===== Source information =====
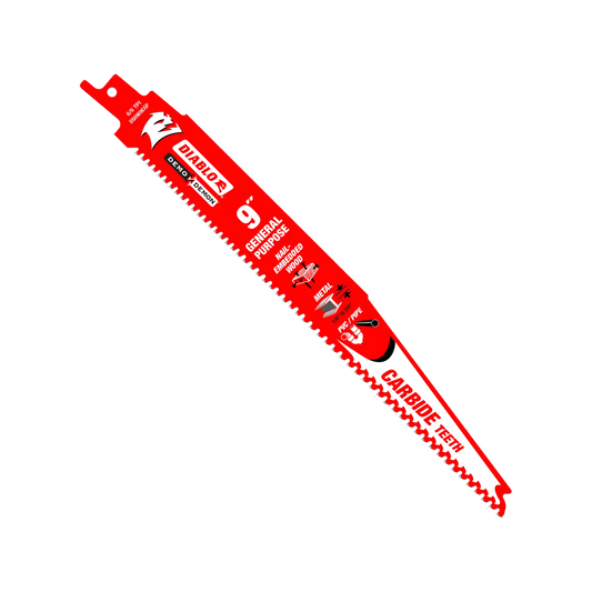Diablo 9" carbide reciprocating saw blade - long life, fast cuts, wood & metal
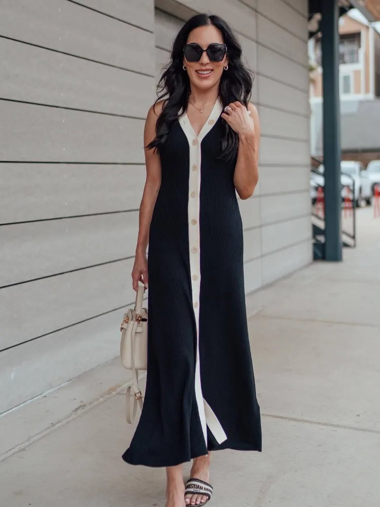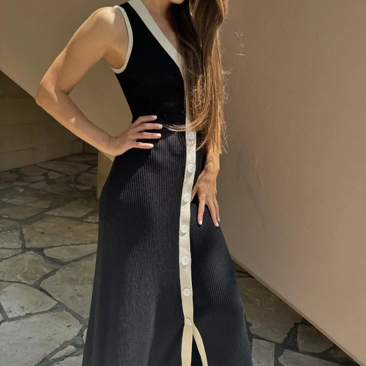 Abito Lungo Senza Maniche Moderno – Eleganza Contemporanea che Scivola con Te
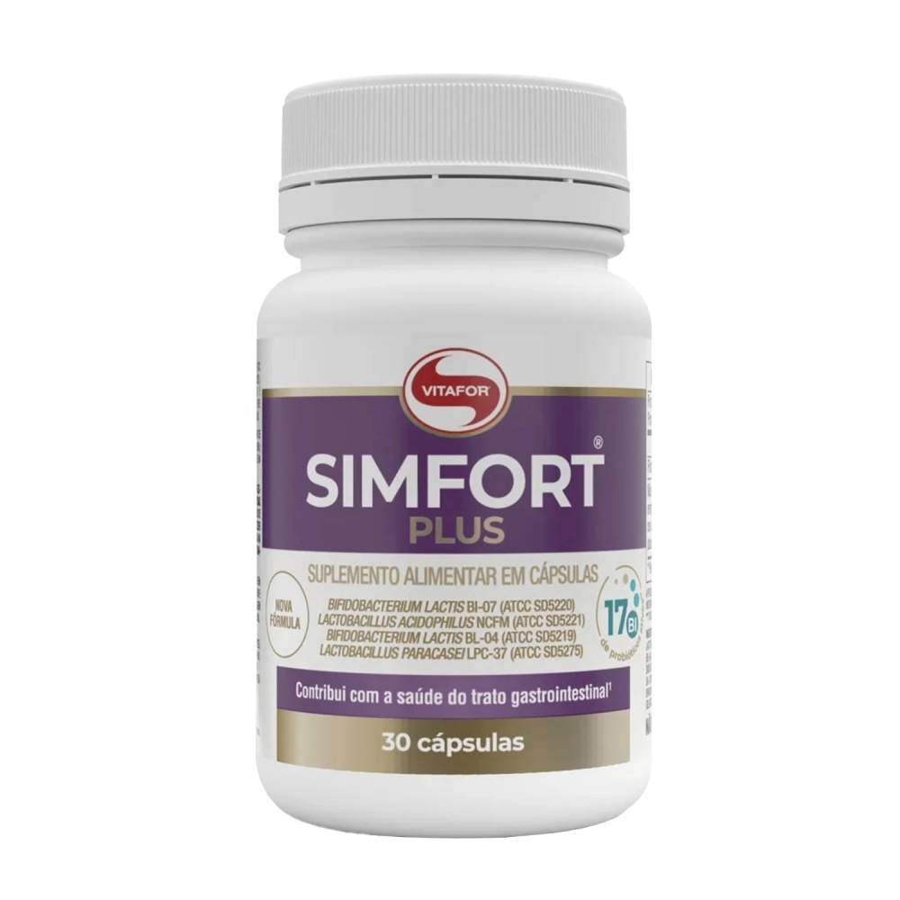 O Simfort Plus (30 Cápsulas) é um suplemento alimentar formulado com quatro cepas probióticas de alta concentração, projetado para promover o equilíbrio da microbiota intestinal e apoiar o sistema digestivo e imunológico. Cada dose oferece 17 bilhões de micro-organismos vivos, distribuídos entre cepas como Lactobacillus acidophilus, Bifidobacterium lactis e Lacticaseibacillus paracasei, que contribuem para a saúde gastrointestinal e bem-estar geral. O produto é vegano, não contém glúten e está disponível em cápsulas resistentes ao pH gástrico para assegurar que os probióticos cheguem vivos ao intestino.
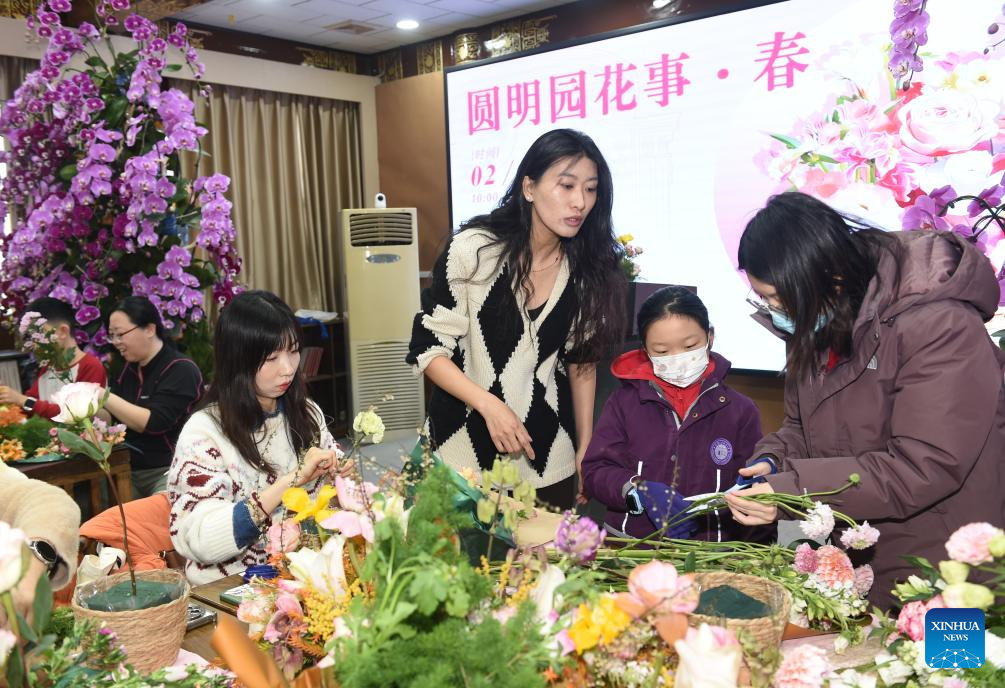 People experience flower arranging with the guidance of a teacher during a Spring Festival garden party at the Old Summer Palace (Yuanmingyuan) in Beijing, capital of China, Feb. 7, 2026. The four-day Spring Festival garden party opened here on Saturday. (Xinhua/Luo Xiaoguang)
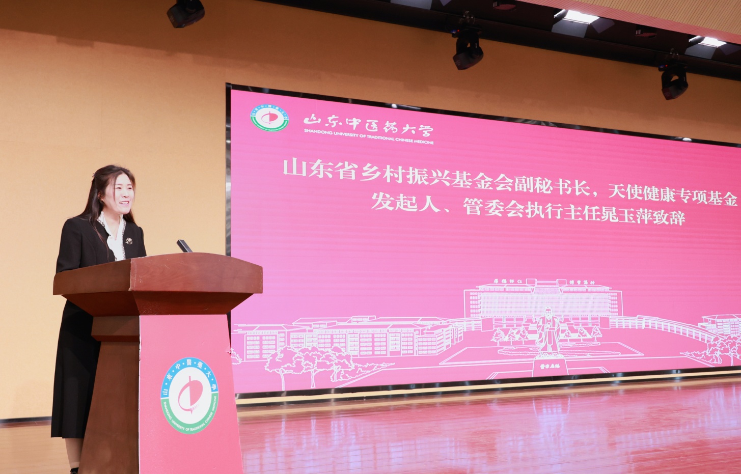 晁玉萍秘書長在致辭中系統介紹了山東省鄉村振興基金會、天使健康專項基金以及“未來扁鵲基金”的發展概況與核心內容。她表示,天使健康專項基金將繼續發揮平臺優勢,整合社會資源,為健康中國與鄉村振興戰略提供堅實的人才支撐。
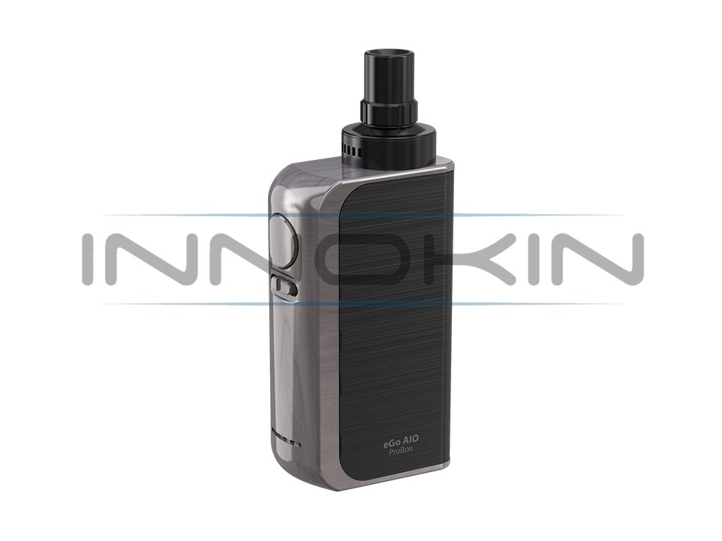 Joyetech eGo AIO ProBox je druhá verze oblíbeného ALL in ONE gripu, který přináší mnohá vylepšení. Již na první pohled je zřetelný jeho nový a moderní vzhled. Tradiční ergonomický tvar těla skrývá vestavěnou baterii o kapacitě 2100mAh. Velkou novinkou je volitelný režim konstantního a přímého napětí (viz detailní popis). Opět se můžeme spolehnout na systém horního plnění - po odšroubování vrchní části, plníte liquid jedním ze dvou otvorů přímo do nádržky o objemu 2ml. Vrchní regulace přívodu vzduchu byla nově umístěna po stranách clearomizeru - převzato od Cubis Pro. eGo AIO ProBox spolupracuje s atomizery řady BF. Clearomizer je podsvícen LED diodami. Při zamčené baterii dlouhým stiskem spínače si můžete vybrat barvu podsvícení clearomizeru (červené, žluté, zelené, modré, indigo, bílé a fialové). Nabíjení umožňuje micro USB vstup (e-cigaretu lze používat i při nabíjení).
=====
* Task: Reproduce verbatim the opening line of the material and every line after it, up to and including the line with "O Simfort Plus", but no pictures.

* Solved exercise:
Diablo 9" carbide reciprocating saw blade - long life, fast cuts, wood & metal
 Abito Lungo Senza Maniche Moderno – Eleganza Contemporanea che Scivola con Te
 O Simfort Plus (30 Cápsulas) é um suplemento alimentar formulado com quatro cepas probióticas de alta concentração, projetado para promover o equilíbrio da microbiota intestinal e apoiar o sistema digestivo e imunológico. Cada dose oferece 17 bilhões de micro-organismos vivos, distribuídos entre cepas como Lactobacillus acidophilus, Bifidobacterium lactis e Lacticaseibacillus paracasei, que contribuem para a saúde gastrointestinal e bem-estar geral. O produto é vegano, não contém glúten e está disponível em cápsulas resistentes ao pH gástrico para assegurar que os probióticos cheguem vivos ao intestino.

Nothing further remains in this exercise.